Yaşadığımız coğrafyada bunun komik bir başlık olduğunun farkındayım. Her tarafımızın şiddet ile sarmalandığı, neredeyse içinde şiddet olmayan tek bir dakikamızın geçmediği bir ülkede sen neden bahsediyorsun kardeşim, diyebilirsiniz. Haklısınız. Fiziksel şiddeti bir yana günlük yaşantımızda her an karşılaştığımız duygusal, sözel şiddete baktığımızda, durum daha da vahim. Sürekli insanların birbirine karşı bir öfke, kıskançlık, kin duygularıyla hareket ettiği, çevremizin bağırma, azarlama, nefret söylemi, kavga, dövüş, kadın cinayeti, işkence, ölüm, savaş vb. haberleriyle çevrildiği bir dönemden geçiyoruz. Şiddeti içinden çıkarırsak elimizde hiçbir şey kalmaz diyebilirsiniz. Çok haklısınız. Gerçekten de durum böyleyken şiddetsiz iletişim gibi bir beklenti, bataklıkta gül aramaya benziyor sanki.
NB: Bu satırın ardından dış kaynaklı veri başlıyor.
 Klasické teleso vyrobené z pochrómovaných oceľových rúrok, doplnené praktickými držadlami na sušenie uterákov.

Öyle ama bir yandan da hayat devam ediyor. Charles M. Shultz’un Snoopy animasyonunda dediği gibi:
- Bir gün hepimiz öleceğiz Snoopy.
- Haklısın, ama diğer günlerin hiçbirinde de ölmeyeceğiz.
Mademki ölene kadar yaşayacağız, o zaman kalan günlerimizi mutlu yaşamak hakkımız. Dolayısıyla yine de bu konular üzerinde düşünmeye, şiddetsiz bir yaşam olabilir mi acaba diye kafa yormaya değer.
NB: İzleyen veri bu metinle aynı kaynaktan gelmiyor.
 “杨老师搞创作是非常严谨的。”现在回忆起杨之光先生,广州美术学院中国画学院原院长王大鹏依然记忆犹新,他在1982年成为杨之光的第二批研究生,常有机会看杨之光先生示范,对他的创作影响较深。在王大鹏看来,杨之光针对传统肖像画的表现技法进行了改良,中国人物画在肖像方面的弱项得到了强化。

Konu hakkında enine boyuna kafa yoranlardan birisi de Marshall B. Rosenberg. “Şiddetsiz İletişim: Bir Yaşam Dili”* adlı kitabında Rosenberg, ‘şiddetsiz iletişim’den ‘şiddetsiz yaşam’a konunun birçok yönünü ele alıyor, günlük yaşantımızda uygulayabileceğimiz bir dizi öneride bulunuyor.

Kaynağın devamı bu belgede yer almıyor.